• _WORK TO COMPLETE_: When you write out the listing, keep each word exactly as it stands but include none of its images.

• _DATA SEGMENT_:
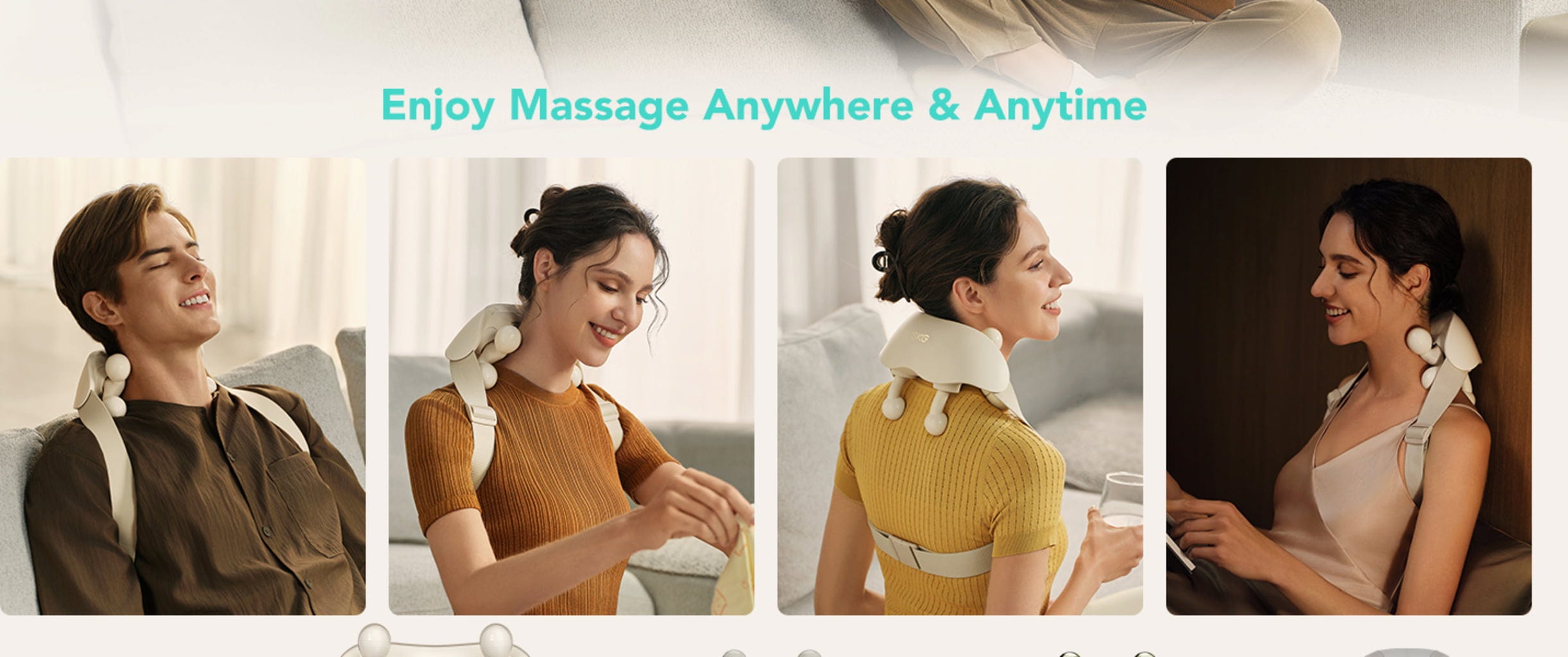 - Szabad kezes használat: A praktikus hátpánt lehetővé teszi a masszázst munka, házimunka vagy tévénézés közben
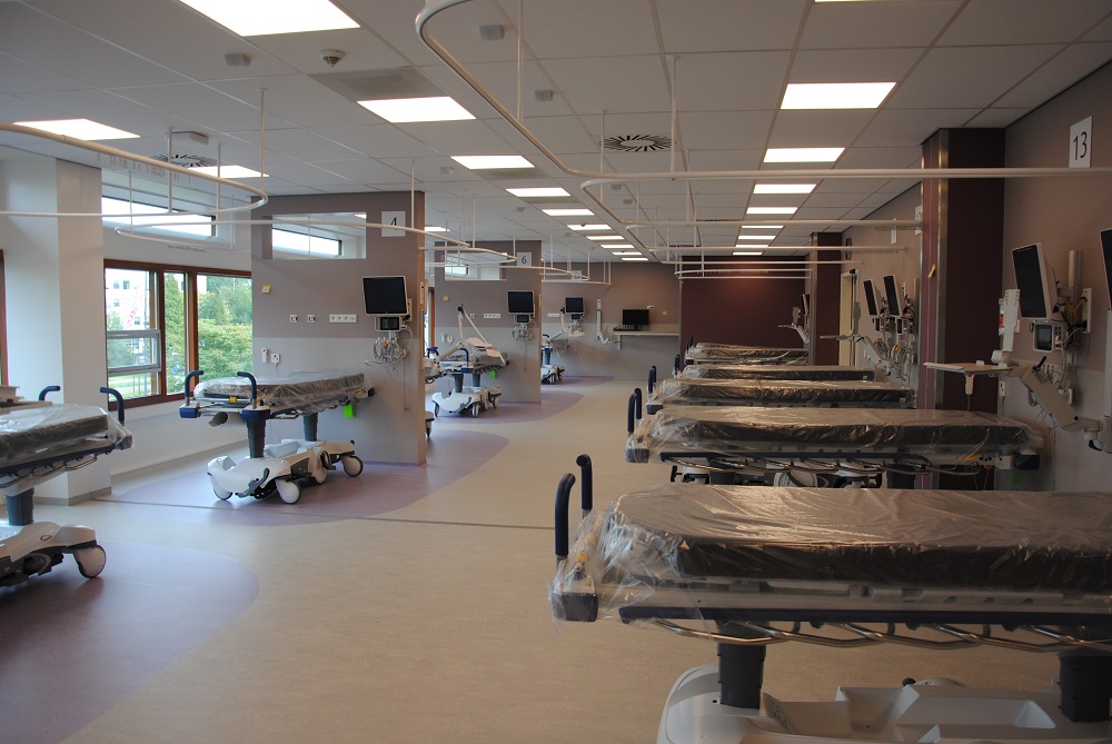 SCHIEDAM - De pers kreeg vanmiddag een preview in het nieuwe Scopiecentrum in Franciscus Vlietland. Het Scopiecentrum zal vanaf midden november dit jaar in gebruik genomen worden voor de behandeling van patiënten. Op de foto zie je de zaal met veertien bedden voor de dagbehandeling van patiënten. Jan Willem de Boer sprak met Maag- Darm- en Leverarts Ivonne Leeuwenburgh. Zij legt onder meer uit welke behandelingen plaats gaan vinden in het Scopiecentrum.
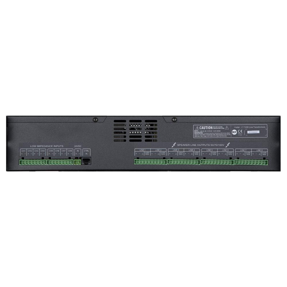The LT 7208EN unit has 8 internal transformers (80 W / each) to convert the 8 Ohm loudspeakers outputs of MU 7100EN master unit into constant voltage lines (100 - 70 - 50 V) for loudspeakers equipped with line transformers. It allows to implement several power configurations, such as 8 x 80 W, 4 x 160 W and 2 x 320 W.

• _COMPLETED TASK_:
 - Szabad kezes használat: A praktikus hátpánt lehetővé teszi a masszázst munka, házimunka vagy tévénézés közben
 SCHIEDAM - De pers kreeg vanmiddag een preview in het nieuwe Scopiecentrum in Franciscus Vlietland. Het Scopiecentrum zal vanaf midden november dit jaar in gebruik genomen worden voor de behandeling van patiënten. Op de foto zie je de zaal met veertien bedden voor de dagbehandeling van patiënten. Jan Willem de Boer sprak met Maag- Darm- en Leverarts Ivonne Leeuwenburgh. Zij legt onder meer uit welke behandelingen plaats gaan vinden in het Scopiecentrum.
The LT 7208EN unit has 8 internal transformers (80 W / each) to convert the 8 Ohm loudspeakers outputs of MU 7100EN master unit into constant voltage lines (100 - 70 - 50 V) for loudspeakers equipped with line transformers. It allows to implement several power configurations, such as 8 x 80 W, 4 x 160 W and 2 x 320 W.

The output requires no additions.